What are the lines, written out exactly, from the one containing "Ciudadano Kane (Citizen" to the end of the entries below? Include both ends and nothing more.

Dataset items
>>>>

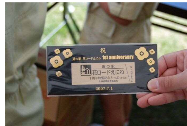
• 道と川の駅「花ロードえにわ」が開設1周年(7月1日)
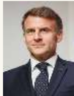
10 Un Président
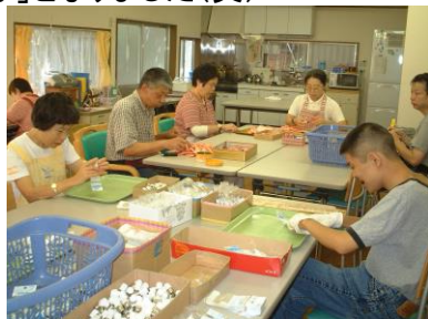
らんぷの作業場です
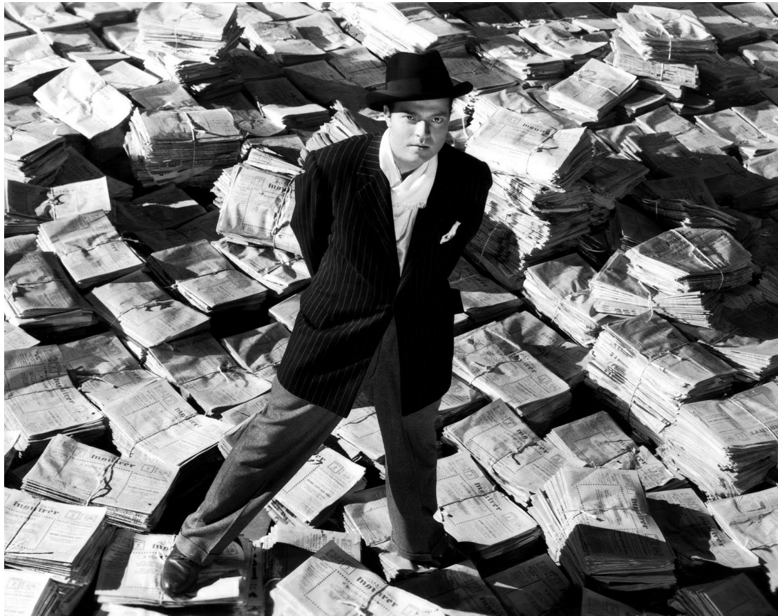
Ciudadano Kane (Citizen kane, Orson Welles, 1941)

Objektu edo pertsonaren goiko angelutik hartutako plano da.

<<<<

▶ [Exercise response]
Ciudadano Kane (Citizen kane, Orson Welles, 1941)

Objektu edo pertsonaren goiko angelutik hartutako plano da.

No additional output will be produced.